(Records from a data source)

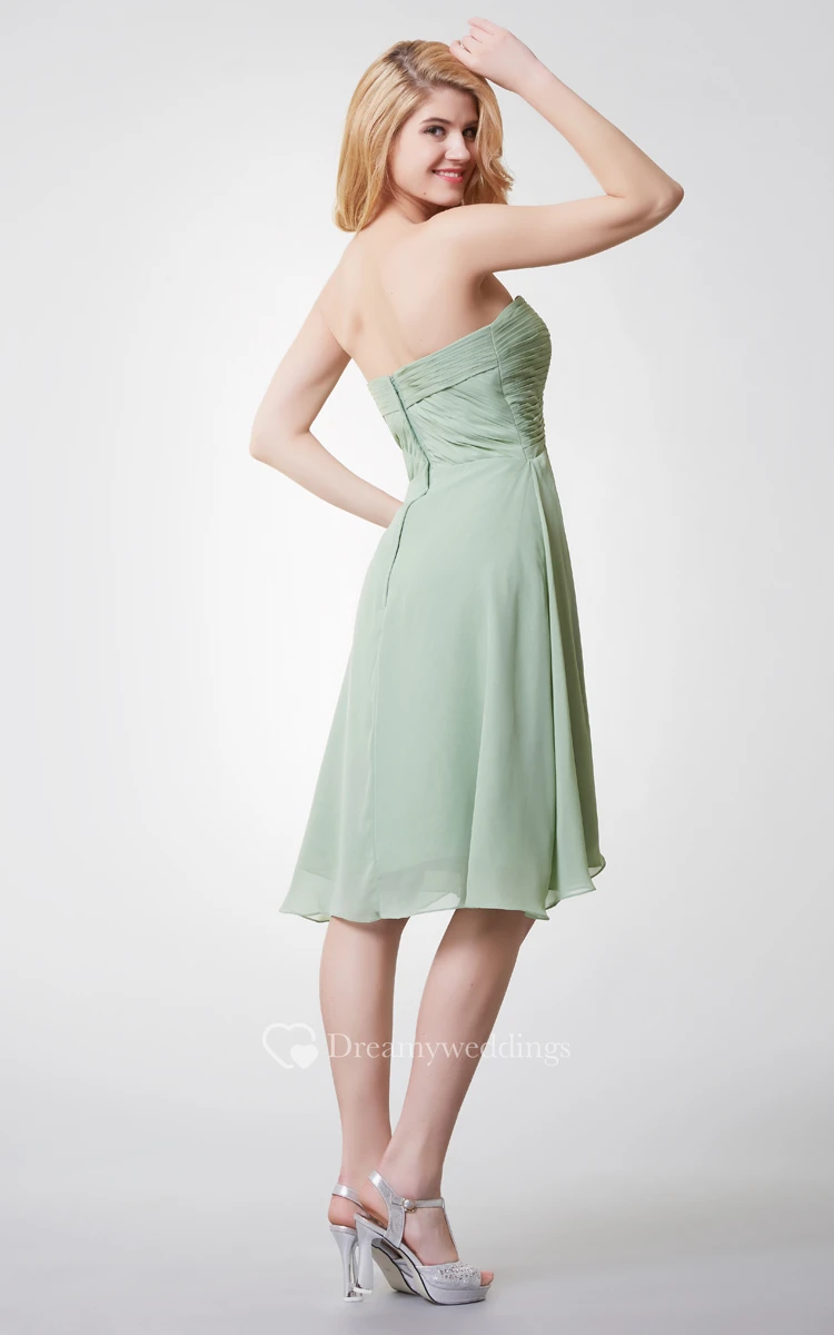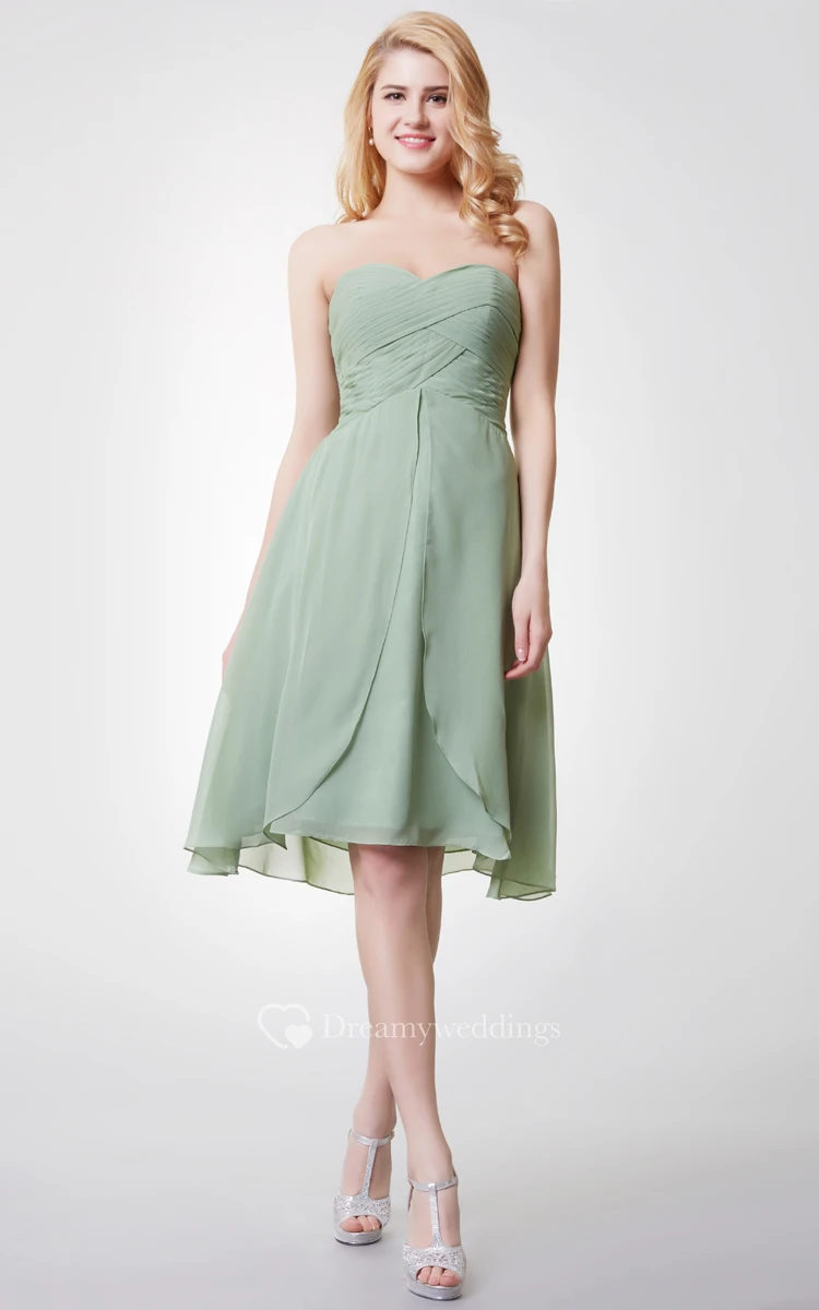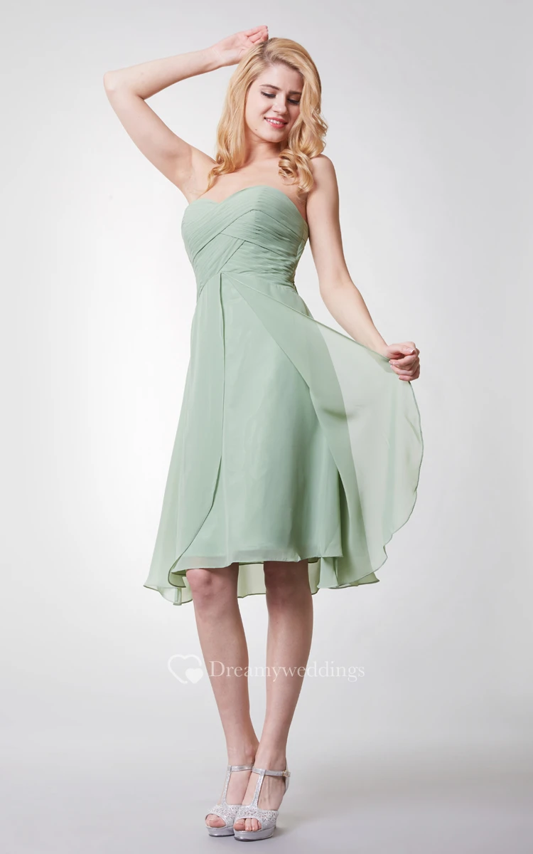 Sweetheart Criss Crossed Knee Length Chiffon Dress With Tiers
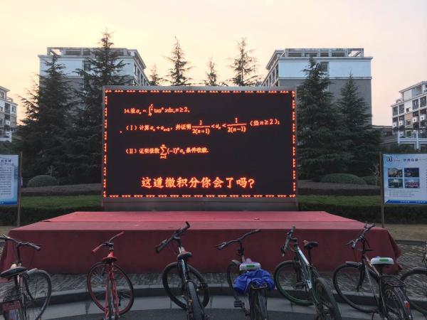 時(shí)下正值高校期末考試周。1月13日起,浙江大學(xué)求是學(xué)院藍(lán)田學(xué)園門(mén)口的電子大屏幕滾動(dòng)播放著一道微積分題,還配有文字:這道微積分你會(huì)了嗎?
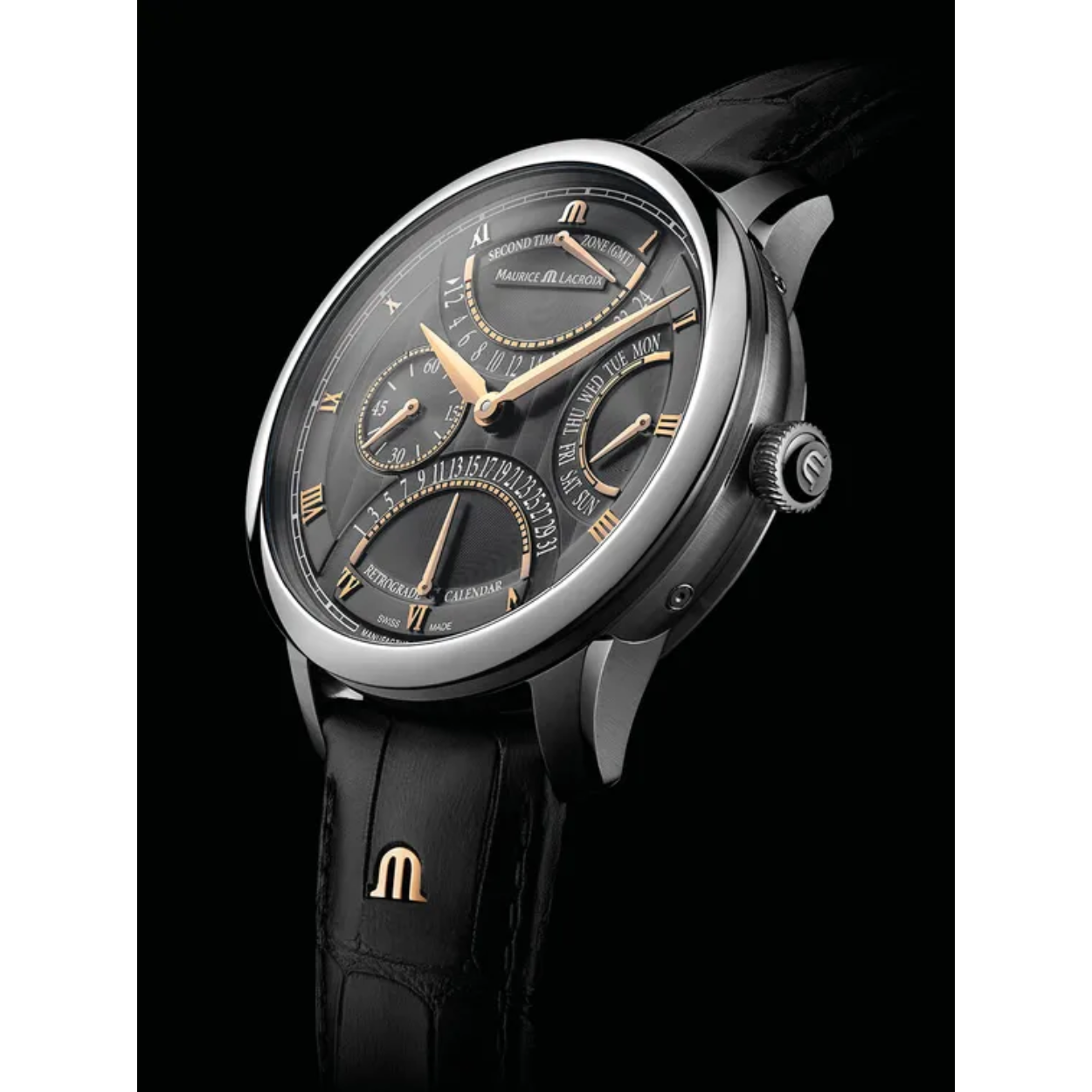 Dit dameshorloge is van het merk Maurice Lacroix. Het is een analoog horloge gemaakt van edelstaal. De diameter van de kast is43 mm.
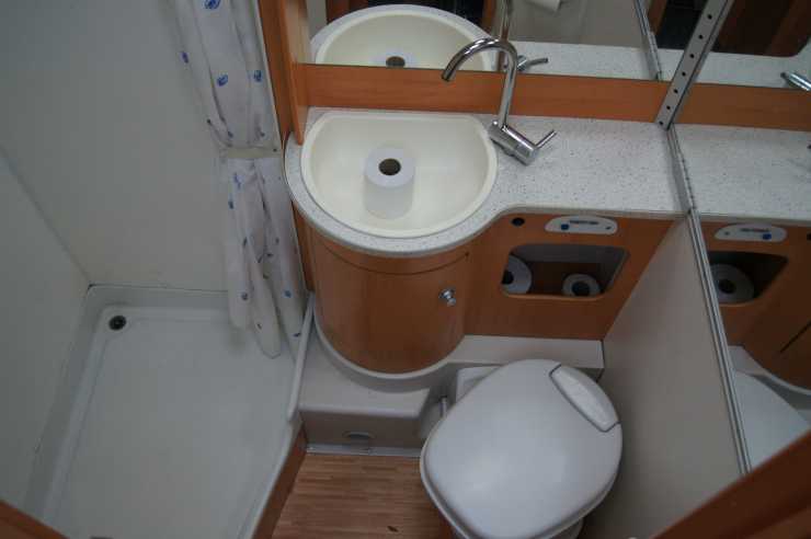 Toalett och dusch finner vi längst bak till vänster i bodelen. Man går i och ur bilen längst bak till höger, och längst bak finner vi köksdelen, ovanligt men det känns inte så dumt.
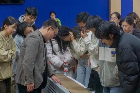 讲座伊始,窦老师先给在场师生展示了特意携带的一件敦煌写本复制品,现场介绍了敦煌写本在纸张、形制、书法、题记、字形等多方面的特点,再以三星堆考古、《长安三万里》为“引子”,图文并茂地介绍了出土文献的价值、敦煌莫高窟的基本情况和敦煌写本研究的热点等,让同学们对敦煌藏经洞、敦煌写本和唐代避讳有了整体认识。

Work to complete:
Transcribe every line of the data exactly. No pictures go in the copy.

The answer:
 Sweetheart Criss Crossed Knee Length Chiffon Dress With Tiers
 時(shí)下正值高校期末考試周。1月13日起,浙江大學(xué)求是學(xué)院藍(lán)田學(xué)園門(mén)口的電子大屏幕滾動(dòng)播放著一道微積分題,還配有文字:這道微積分你會(huì)了嗎?
 Dit dameshorloge is van het merk Maurice Lacroix. Het is een analoog horloge gemaakt van edelstaal. De diameter van de kast is43 mm.
 Toalett och dusch finner vi längst bak till vänster i bodelen. Man går i och ur bilen längst bak till höger, och längst bak finner vi köksdelen, ovanligt men det känns inte så dumt.
 讲座伊始,窦老师先给在场师生展示了特意携带的一件敦煌写本复制品,现场介绍了敦煌写本在纸张、形制、书法、题记、字形等多方面的特点,再以三星堆考古、《长安三万里》为“引子”,图文并茂地介绍了出土文献的价值、敦煌莫高窟的基本情况和敦煌写本研究的热点等,让同学们对敦煌藏经洞、敦煌写本和唐代避讳有了整体认识。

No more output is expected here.